Comme nous l’avons écrit dans « Le bon usage de Habitat 3 » ; c’est après les conférences internationales que se clarifient les enjeux. C’est donc après Quito que se définiront les tendances et les mobilisations.

Notre position est de favoriser l’alliance entre les acteurs qui défendront le droit au logement et le droit à la ville. Nous choisissons de nous situer dans cette alliance du point de vue des mouvements sociaux.

Les mouvements sociaux et citoyens ne se résument pas pour nous aux sociétés civiles. L’approche des sociétés civiles n’est pas inintéressante ; à condition de ne pas retenir l’approche ONU ou UE qui considère que les entreprises en font partie. Les sociétés civiles sont pour nous les acteurs non-gouvernementaux et non-lucratifs (non governmental and non profit). Ils comprennent les associations et l’opinion publique. Ils expriment les positions des citoyens. Les mouvements sociaux et citoyens définissent les dynamiques sociales dans une perspective historique.

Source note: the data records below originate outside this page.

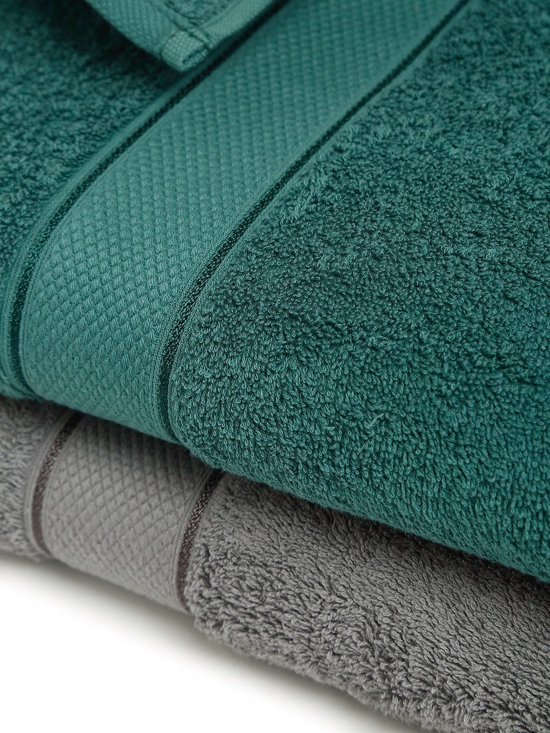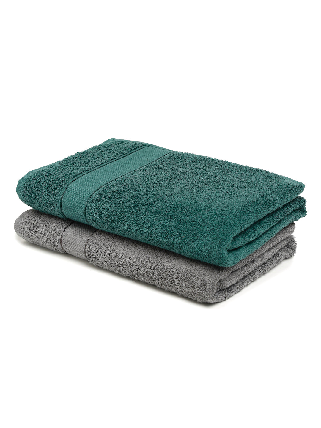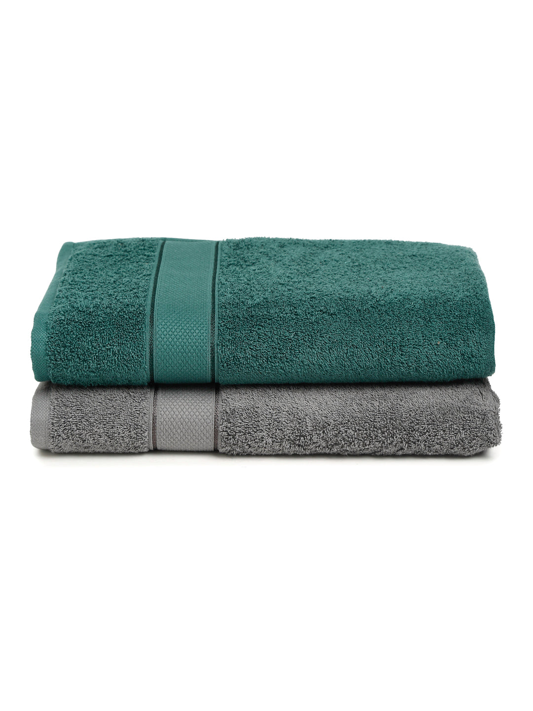 Grey & Dark Green 2 Pc Solid 525 GSM Bath Towel Set
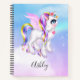 A personalised spiral notebook with an image of a unicorn with big blue eyes, pink wings and a rainbow mane and tail. Kawaii cute.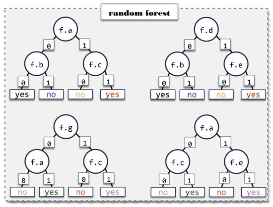 Decision trees [] are ML models that classify inputs by repeatedly separating input samples based on the values of certain features. Decision trees learn these splits by considering potential information gain splitting at each feature. While effective, this method is vulnerable to over-fitting and to noise in the input data. A random forest [] is an ensemble of decision trees in which every tree has access to a different subset of samples and features during training. Figure 4 illustrates an example of a random forest with four decision trees. Features available to the trees are labeled f.a through f.g. Each tree uses a different set of features although they share some commonalities. This example uses binary classification (“yes” and “no”) although the structure can be generalized for more classes, trees and features. During testing, each tree in the forest contributes a vote (the classification of the tree) and results are aggregated to produce a classification for the forest.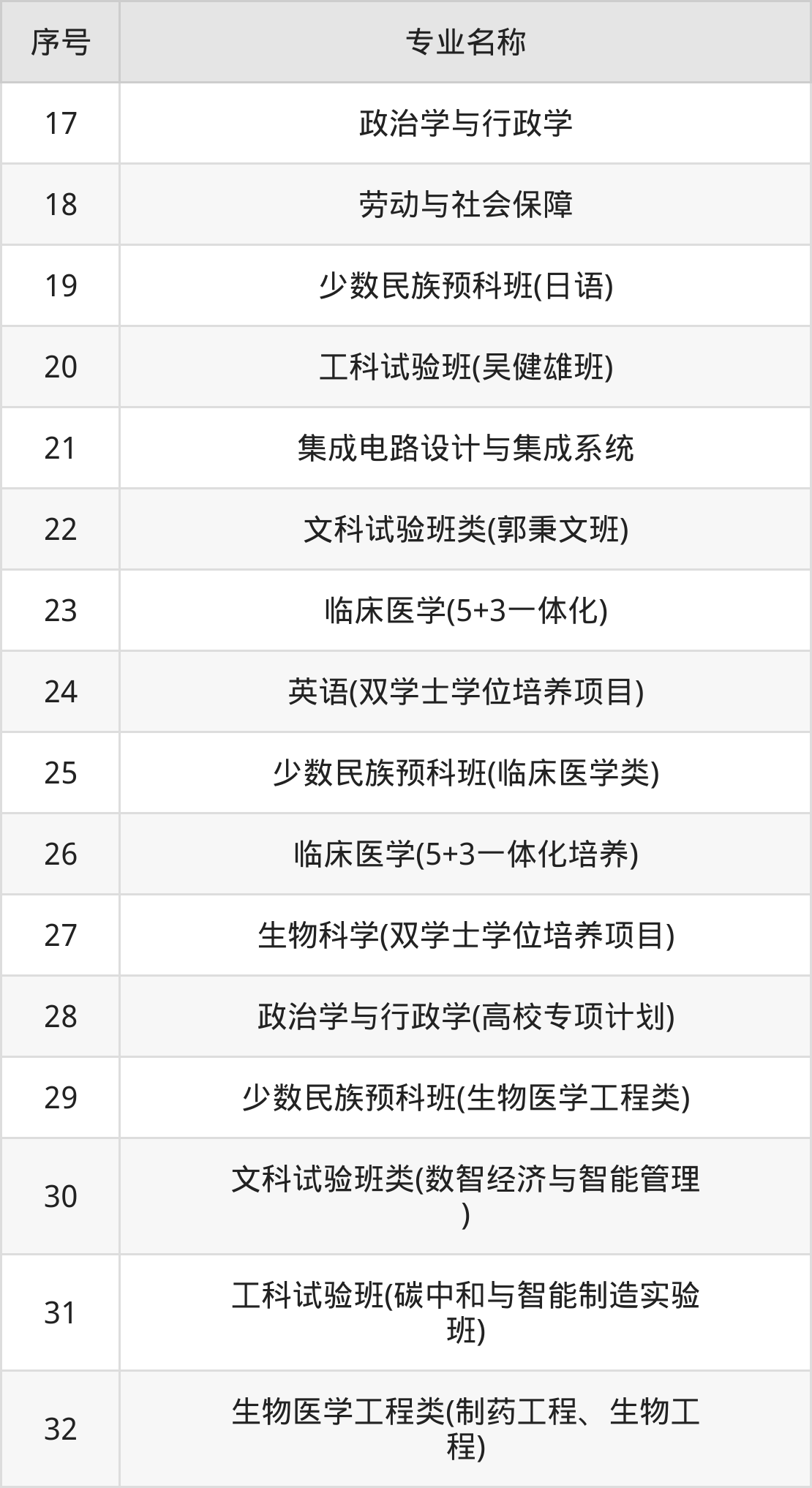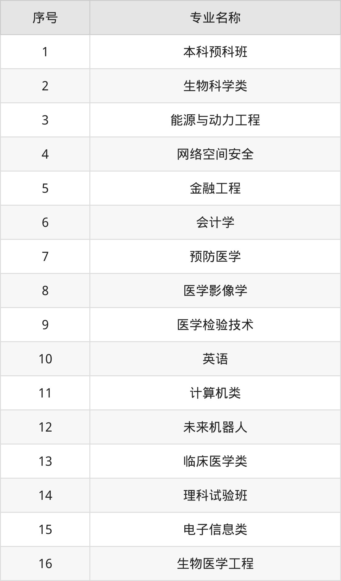 物理类(理科)本科招生专业:本科预科班、生物科学类、能源与动力工程、网络空间安全、金融工程、会计学、预防医学、医学影像学、医学检验技术、计算机类等。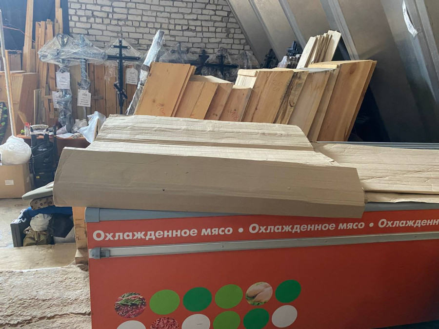 На месте она обнаружила помещение, где были гробы и похоронная атрибутика. А также тела пожилых людей в обычных магазинных холодильниках с надписью «Охлаждённое мясо» и «Мороженое».

Ce sont les mouvements : mouvement des travailleurs et mouvement ouvrier ; mouvement paysan ; mouvement des droits des femmes ; mouvements des peuples autrochtones ; … Nous mettons en avant les mouvements d’habitants et de citadins. La première alliance est à construire entre les mouvements d’habitants et les autres mouvements sociaux et citoyens.

A Quito, dans les initiatives de HIC-Habitat International Coalition, de No-Vox, et des autres mouvements d’habitants seront discutés les mots d’ordre de lutte et les propositions d’action et de mobilisation.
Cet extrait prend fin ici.